Problem requirements:
Transcribe the whole listing exactly; the images stay out.

Input data:
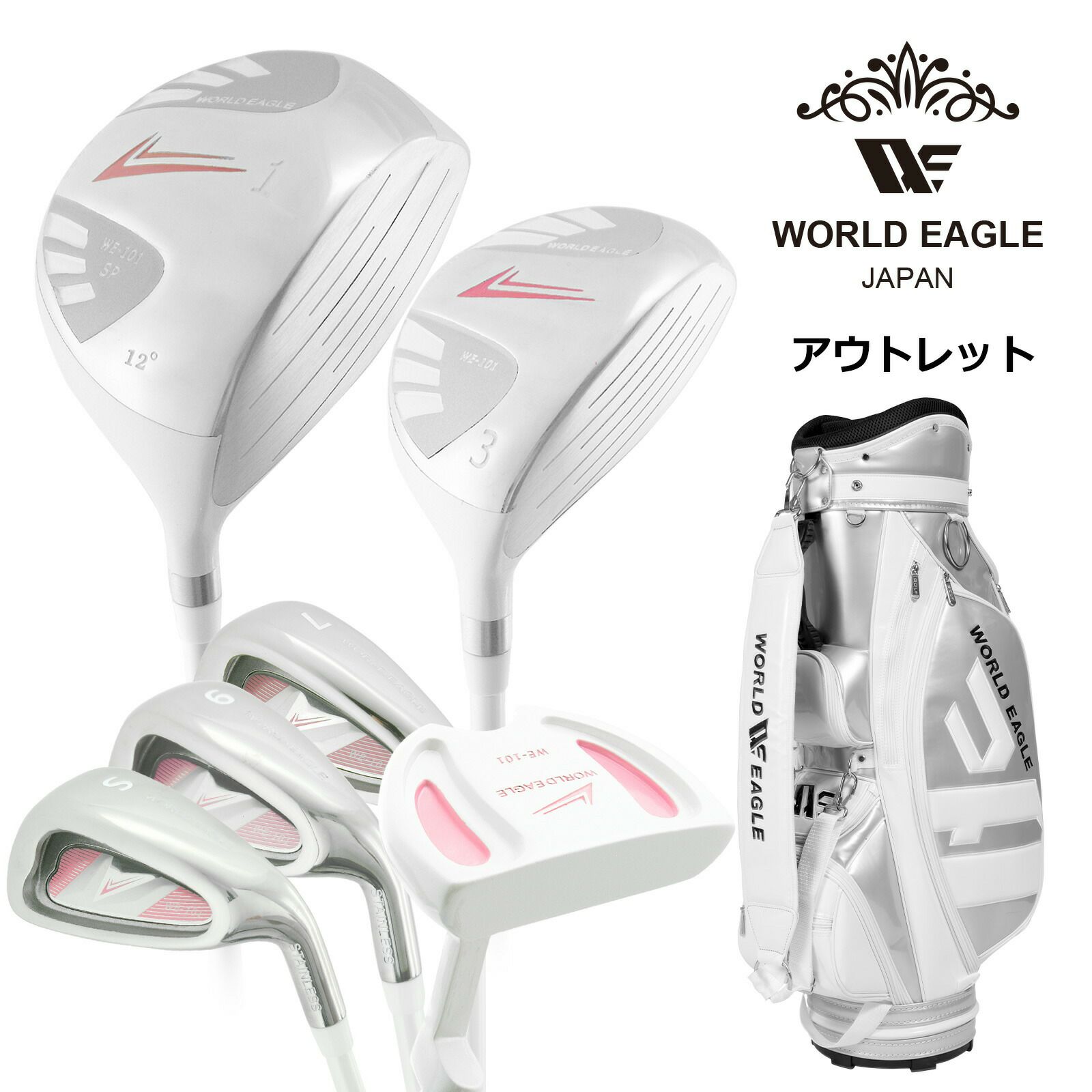 アウトレット 初心者向け WE 101 レディース ゴルフクラブセット ホワイト 右利き用 CBR5シルバー 女性用 わけあり
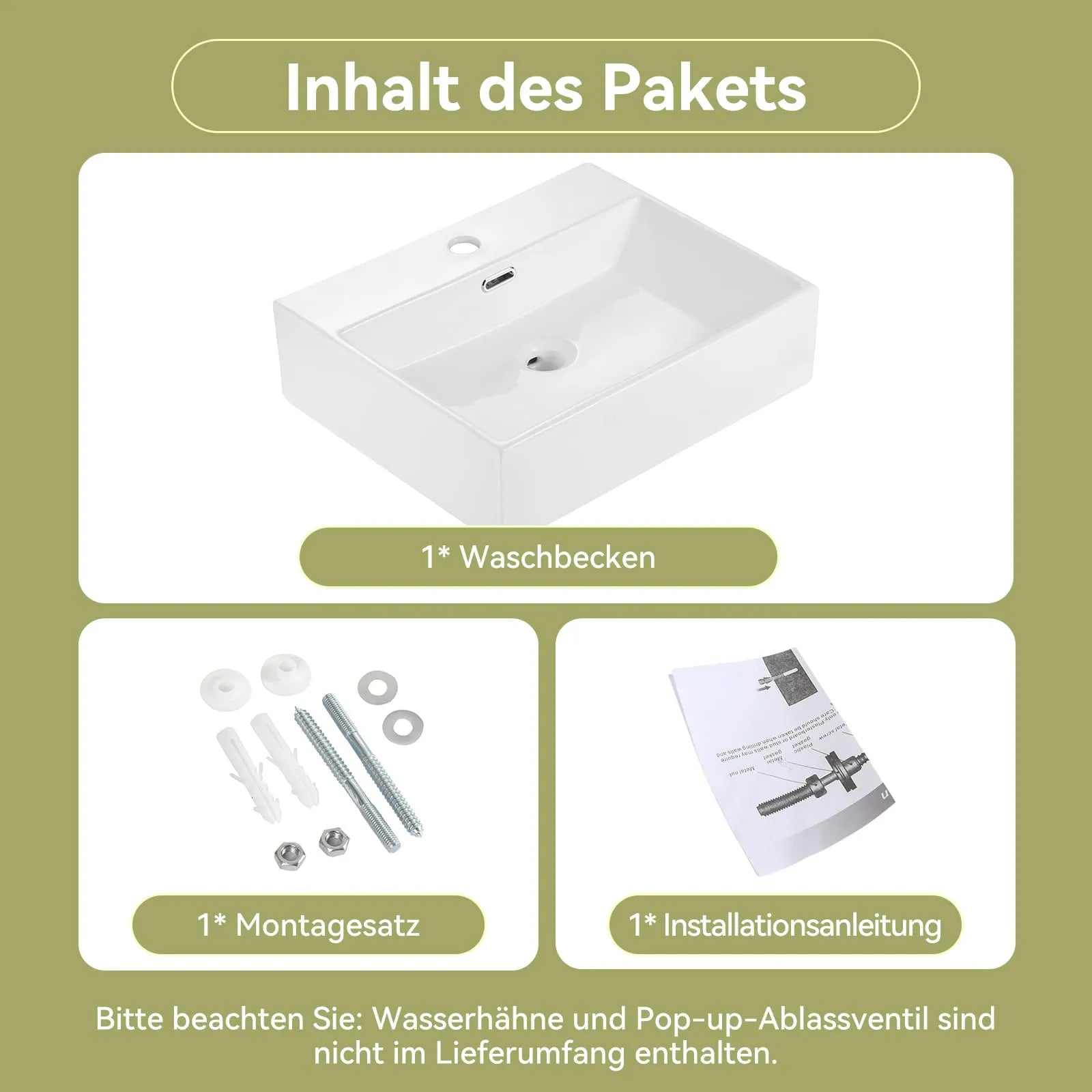 Weißes Keramik-Waschbecken (50,5 x 42 x 14 cm) mit zeitlosem, eckigem Stil – ideal für jedes Gäste-WC oder Bad.
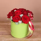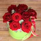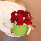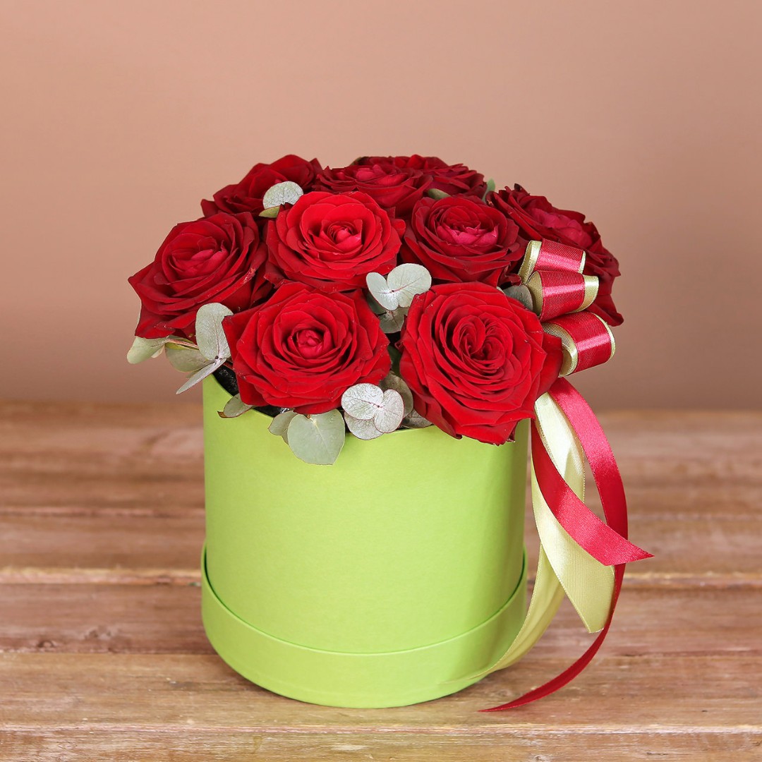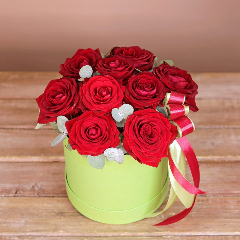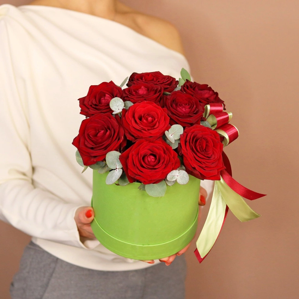 Красные розы с эвкалиптом в шляпной коробке

Result of this task:
 アウトレット 初心者向け WE 101 レディース ゴルフクラブセット ホワイト 右利き用 CBR5シルバー 女性用 わけあり
 Weißes Keramik-Waschbecken (50,5 x 42 x 14 cm) mit zeitlosem, eckigem Stil – ideal für jedes Gäste-WC oder Bad.
 Красные розы с эвкалиптом в шляпной коробке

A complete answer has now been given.